In ridge regression objective, squared \(\ell_2\)-norm, \( \| w \|_2^2 \) is introduced as a regularizer. Instead, here we use the \(\ell_1\) regularizer: \[ \widehat{w}_{\text{lasso}} = \arg \min_w \sum_{i=1}^n (y_i - {x_i}^\top w)^2 + \lambda \|w\|_1. \] This formulation is known as the Least absolute shrinkage & selection operator (Lasso) regression.

The significance of Lasso is that it automatically performs feature selection. By penalizing the \(\ell_1\)-norm of the weight vector, Lasso often drives many \(w_j\) to exactly zero, effectively dropping those features from the model. Intuitively, this is because the \(\ell_1\) regularizer has “pointy” level sets, while the \(\ell_2\) regularizer shrinks all coefficients "smoothly" toward zero but never exactly to zero.

In Lasso regression, after feature selection with the optimal \(\lambda\), we have to "retrain" the objective with \(\lambda = 0\) (i.e. solving ordinary least-squares) but only using selected features. For example, when we run Lasso, generate an index set: \[ S = \{j : \widehat{w}_{\text{lasso}, j} \neq 0\} \] and then solve \[ \tilde{w} = \arg \min_{w_S} \sum_{i=1}^n (y_i - x_{i, S}^\top w_S)^2 \] where \(x_{i, S}\) is the subvector of features in \(S\) and we set \(\tilde{w}_j = 0\) for \(j \notin S\).

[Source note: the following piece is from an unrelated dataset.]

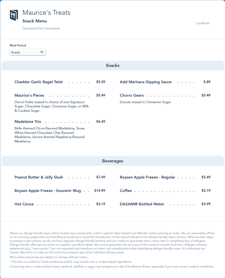 Maurice's Treats Snack Menu - August 2021

Lasso vs Dimensionality Reduction:

Feature selection via Lasso sounds like dimentionality reduction (e.g. PCA) because both reduce the number of active predictors, but in fundamentally they are different.

Let's assume that We have 100 variables originally and our model uses 10 variables in the end.

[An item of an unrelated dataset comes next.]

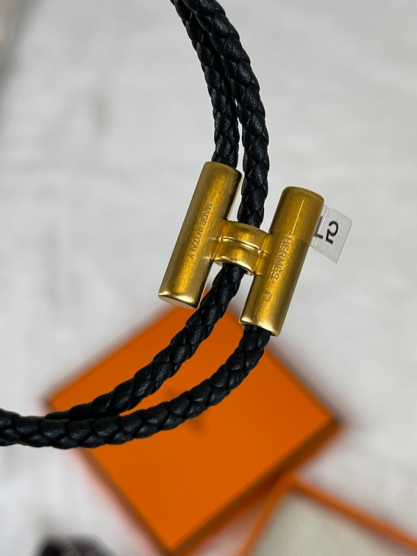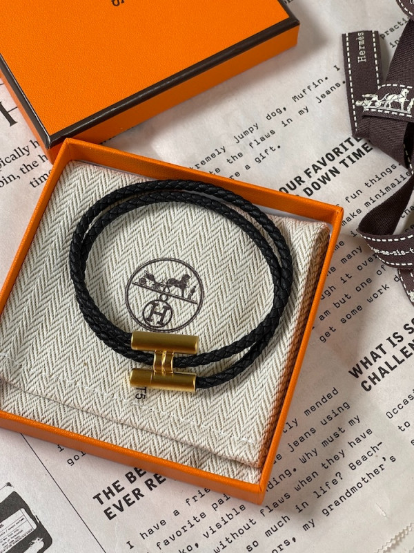 에르메스 Tournis Tresse 팔찌 블랙 금장

  • In Lasso: the model uses 10 out of 100 original variables
  •     If the true signal lies in a combination of many small effects, pure feature dropping can hurt performance.
  • In PCA: the model uses 10 new variables
  •     Captures directions of maximal variance even if no single original variable is strongly predictive and improves numerical stability when features are highly correlated, but we lose direct feature interpretability.

For instance, when there are more features than samples, Lasso can still fit a model by zeroing out most coefficients, whereas PCA & regression can overfit or require careful component-selection heuristics.

In practice you might even combine them - run PCA to a moderate number of components and then apply Lasso on those - if you need both compression and sparsity.